At least two retailers have been locked out of their stores in Westfield shopping centres as tense negotiations between tenants and landlords over commercial rents escalate.
Westfield-owner Scentre Group recently shut 129 stores operating under the banner of Mosaic Brands’ women’s fashion chains, as well as 38 Strandbags stores.
Mosaic has been among the retailers pushing the hardest for rent reductions, on the basis that foot traffic and physical retail sales in some parts of the country have all but dried up.
“These actions are extremely disappointing, given the current environment, and difficult to comprehend in the context of a relationship that spans close to 40 years,” Mosaic chairman Richard Facioni said.
The decision impacts around 400 Mosaic staff members, who are being redeployed to stores that remain open.
Mosaic Brands, which operates a number of brands including Noni B, Millers, Rivers and Rockmans, recently stopped paying rent in stores shut down in Melbourne, and has been paying rent as a proportion of turnover in other states for some time.
Strandbags has also seen a number of its stores closed. Managing director Felicity McGahan told the AFR the closures are only in Westfield centres, and that the business had been working well with other landlords to get the best outcome for everyone.
“It’s very disappointing to be honest,” McGahan said.
Scentre Group told Inside Retail it doesn’t comment on commercial arrangements with retail partners.
The Shopping Centre Council of Australia also said it doesn’t comment on commercial matters between retailers and landlords, but that it stands by the rights of its members to have terms of tenancy honoured in good faith, while acting to protect their commercial, financial and stakeholder interests.

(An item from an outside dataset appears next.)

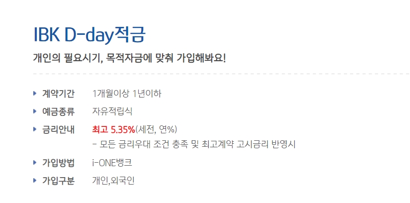 우대금리는 상품가입 시 설정한 목표금액 이상을 납입하고, 계약기간 중에 3회 이상 기업은행을 통한 자동이체 기록이 있으면 목표달성 축하금리 연 1.0%포인트를 받을 수 있습니다. 첫 거래 고객은 연 0.5%포인트의 금리가 추가 적용되어 계약기간이 12개월인 경우 최고 5.35%의 금리를 받게 됩니다. 기업은행 또한 디데이적금 가입고객 중 추첨을 통해 500명에게 이디야 커피 쿠폰을 제공하는 이벤트를 진행 중입니다.

Chief executive of the National Retail Association Dominique Lamb told Inside Retail the organisation has not heard from members about similar experiences, suggesting Scentre Group may be making an example of Mosaic Brands and Strandbags.
“The way we all interact in difficult times is going to be remembered and unfortunately, situations like these are likely to be remembered and impact negotiations moving forward,” Lamb told Inside Retail.

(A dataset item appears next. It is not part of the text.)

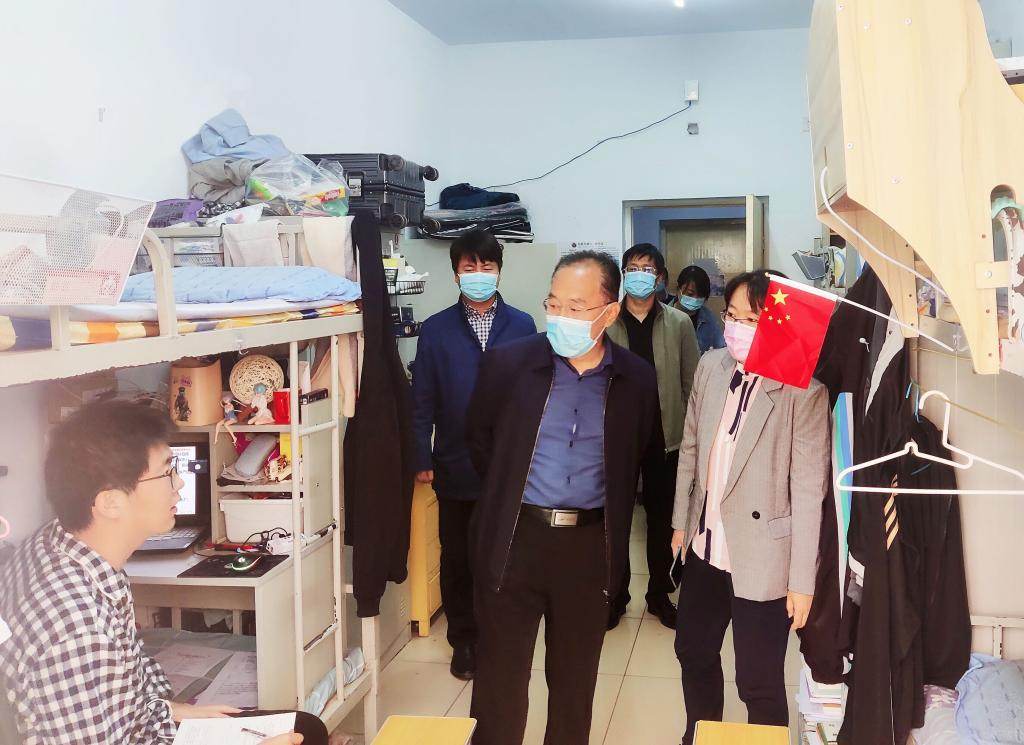随后,苏校长一行来到文韬4学生公寓,就学生线上学习、住宿环境、饮食以及文体锻炼等方面与同学们进行了交谈,他叮嘱同学们要严格遵守疫情防控期间学校的各项管理规定,加强锻炼、注意宿舍卫生,勤通风,保持良好的学习及生活习惯。

Lamb called the situation a stalemate – with retailers needing financial support and landlords unable to provide it.
“We know the SCCA’s members have lost $1.6 billion in the last three months, and the Property Council is reporting a loss of over $4 billion,” Lamb said.
“No industry can sustain that level of losses, and given no other industry has been asked to shoulder a burden such as this, it needs to change.”
This stalemate could, in theory, be broken by the Federal Government, Lamb said.
According to Lamb, the Federal Government needs to do more in support of landlords before it’s too late, as the property industry is hurting just as much as retailers at the moment.
“It’s time to look at this issue in depth. It’s complex and needs to be revisited by both the federal and state governments.”